Par Emmanuelle Cart-Tanneur

 

            Préfacer un recueil est loin d’être une mince affaire.

            Préfacer celui-ci s’apparente au défi, tant il me semble criminel (et le mot se plaît dans l’ouvrage) de retenir le lecteur par la manche alors que tout, évidemment, l’attire dans les pages qui vont suivre.

            Il faut pourtant qu’on l’avertisse. Car il doit s’attendre au pire – à raison, mais aussi à tort.

            Misogyne (il aura été séduit par le premier mot du titre), il sortira ravi de sa lecture : la femme, ici, est décidément bien le diable en jupons qu’il a toujours décrite.

            Gynophile (c’est le second mot qui lui aura fait de l’œil), il sera outré : quelles sont ces femmes que décrit l’auteur, ces diablesses, ces criminelles ? Pas de vraies femmes, assurément !

            L’un comme l’autre auront tout faux : les héroïnes de ces histoires ont beau être des psychopathes, des ensorceleuses, des manipulatrices ou des succubes, elles n’en sont pas moins touchantes dans leur atavique faiblesse ; c’est même ce qui force encore l’admiration lorsqu’on les rencontre, combatives, tenaces, volontaires, en lutte permanente avec le Diable qui règne ici-bas et qui, qu’on ne s’y trompe pas, est bel et bien l’Homme. Cet Homme qui a beau jeu de jouer les faibles, les falots, les impuissants, les pris au piège de ces démones, car n’est-il pas à l’origine de leur inévitable métamorphose ?

            On pourrait disserter sans fin sur le message psychanalytique véhiculé par ces nouvelles ; mieux vaudra se pencher, et rester admiratif, sur la forme que l’auteur a su leur donner.

            Et quelle forme !

            Ce n’est pas un hasard si les prix littéraires et les publications en fanzine ont plu, telle une averse de météorites, sur ce travail d’orfèvre que le lecteur s’apprête à découvrir.

            L’auteur manie la plume comme l’artiste son pinceau le plus fin ; la langue, il la connaît et la maîtrise parfaitement, au point de s’autoriser (à raison!) quelques néologismes si bien venus qu’on ne douterait pas de leur existence ; de glisser, ici ou là et l’air de rien, quelques alexandrins qui renforcent le courant qui vous entraînait déjà ; de se glisser dans une époque en adaptant sa langue, du Moyen-Âge à nos jours, avec une facilité déconcertante et surtout, imperceptible –  à l’instar d’un polyglotte de naissance, capable de nous faire croire qu’il a vécu en ces temps, en ces lieux.

            Sivaine, Idoine, Avanie, les prénoms de ses héroïnes pourraient rappeler ceux d’une auteure à chapeau, mais nul doute qu’on préférera reconnaître, ici ou là, l’influence et l’univers d’Oscar Wilde, de Stephen King ou d’Edgar Poe. Rien d’étonnant, au demeurant, de la part d’un auteur biberonné depuis l’enfance à l’encre de Lovecraft ou de Bradbury…

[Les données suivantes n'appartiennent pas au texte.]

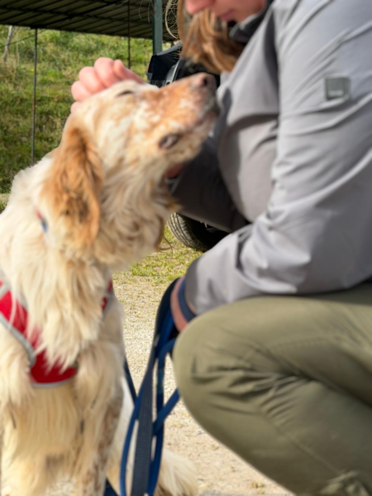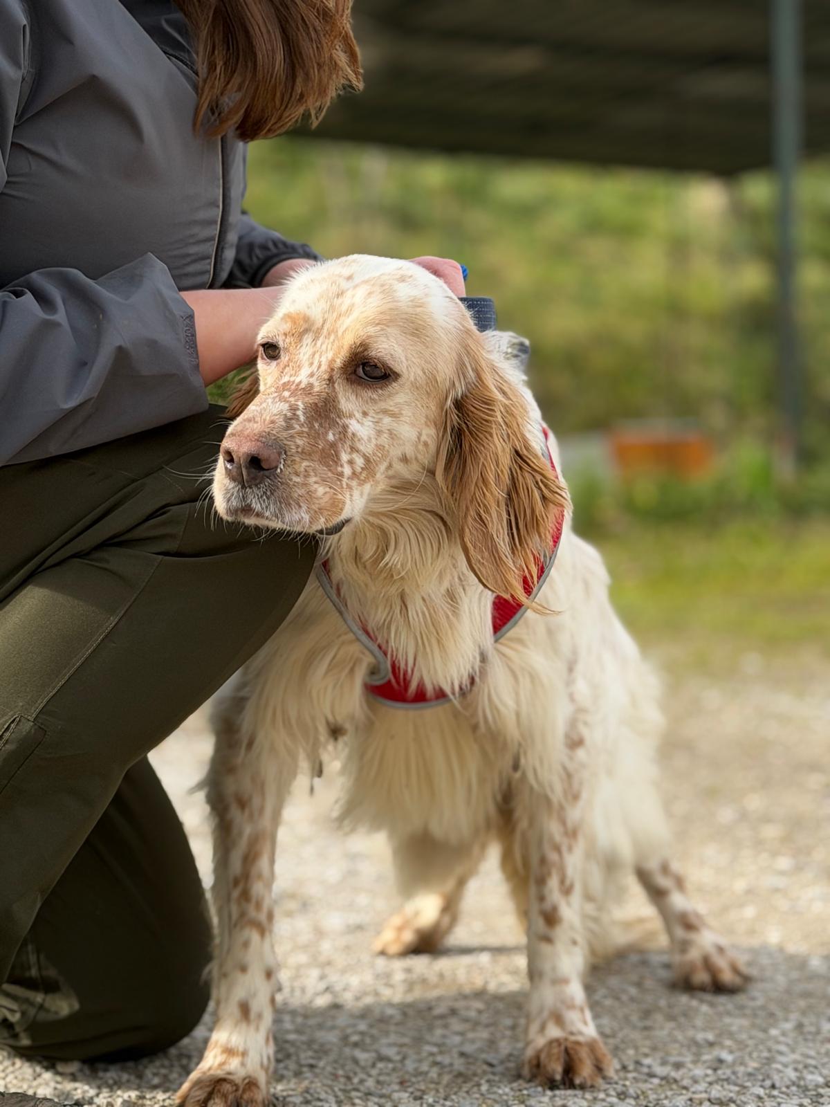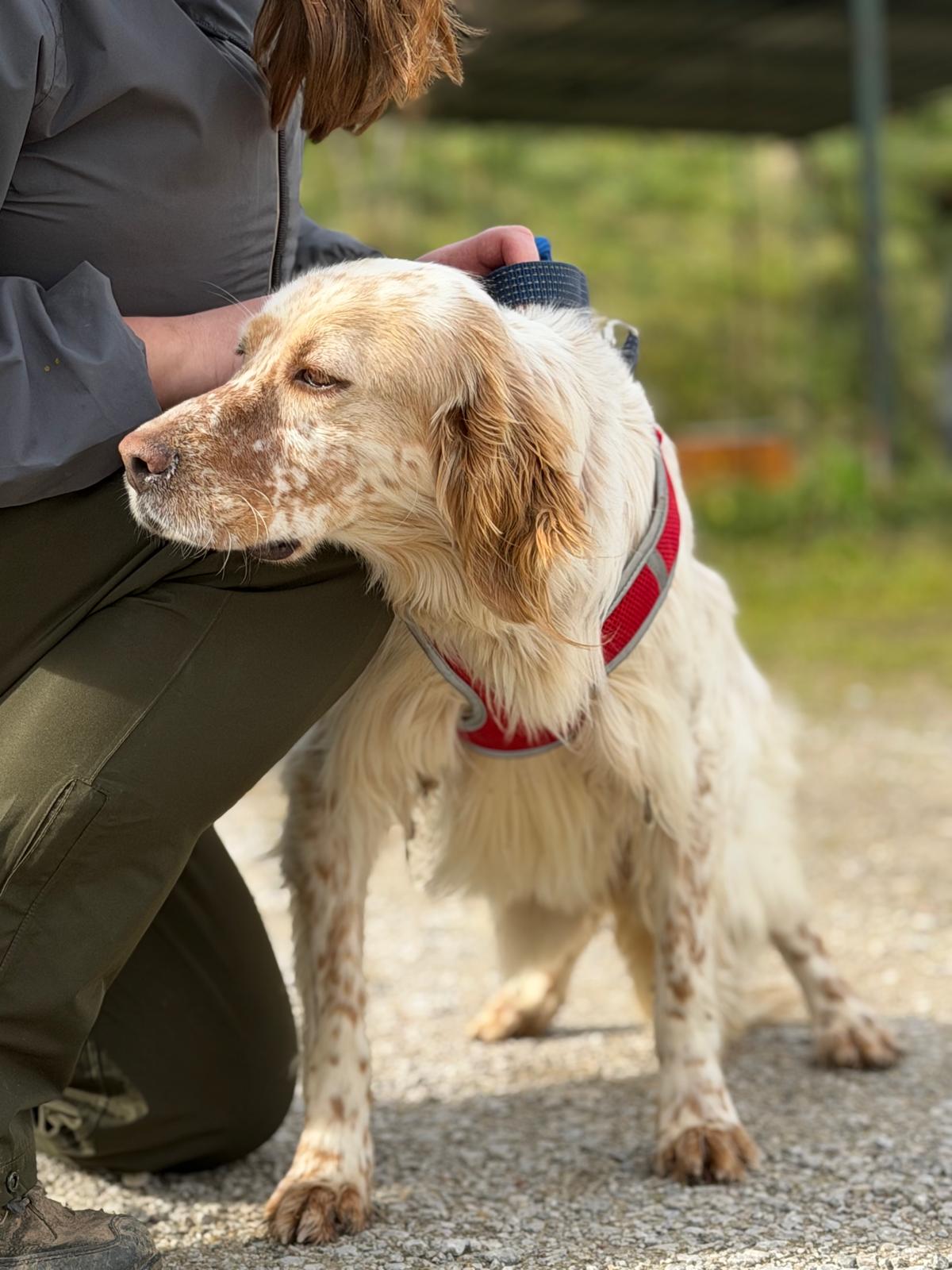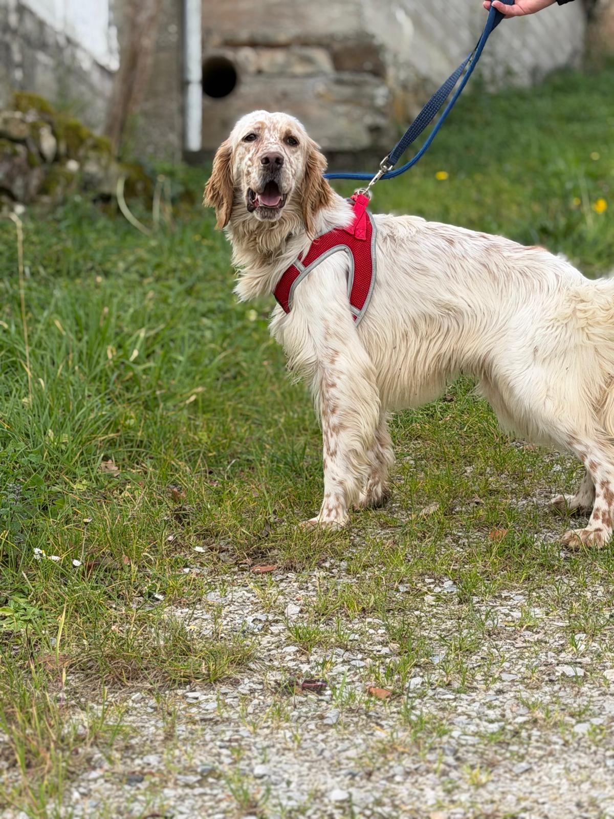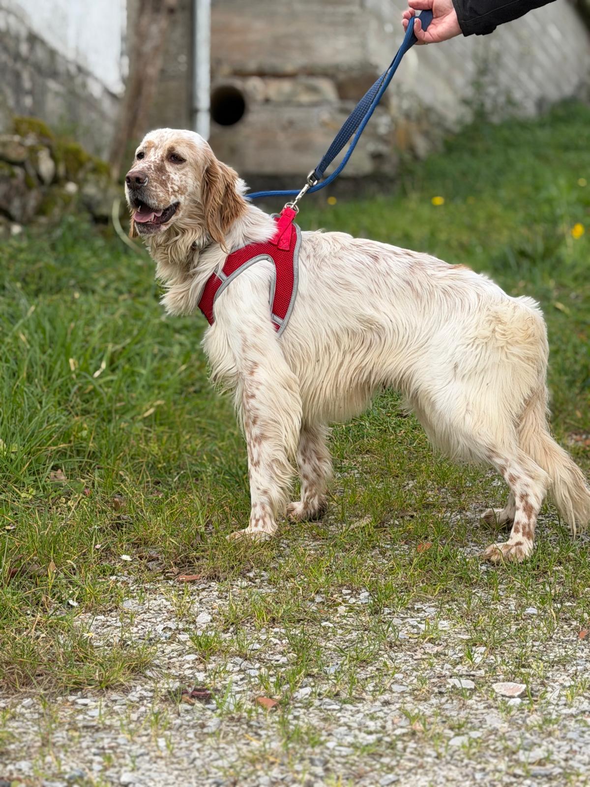He can be slightly nervous to start with but he loves a treat which really helps to increase his confidence out and about. He also loves to be stroked for reassurance and will undoubtedly come out of his shell in no time in a loving home

            Ces personnages, infemmes et sangsuelles, cet auteur les aime, plus que de raison. Sac à main, miroir, fourrure, tout dans leur univers lui est inspiration. Star ou mendiante, executive woman ou écolière, il les met en scène avec le talent d’un Hitchcock et les emmène, sous nos yeux ravis (d’effroi, parfois), là où il l’a décidé – à savoir, bien souvent, au beau milieu de la vie d’un  homme, pauvre victime apparente mais qui l’a, en réalité, souvent bien cherché.

            Je ne saurais retarder davantage le plaisir qui attend le bienheureux possesseur de cet ouvrage. Qu’il se délecte, à petites gorgées, ou à grandes goulées, de ce nectar doux-amer, et qu’il en laisse revenir la saveur à ses lèvres à son simple souvenir. Car il n’oubliera pas de sitôt toutes ces femmes et leurs histoires, ni cet auteur si talentueux.

            Cet auteur qui, s’il s’en défend parfois, est bien un amoureux des femmes : il ne me paraîtrait pas possible, si ce n’était pas le cas, d’en parler mal… si bien.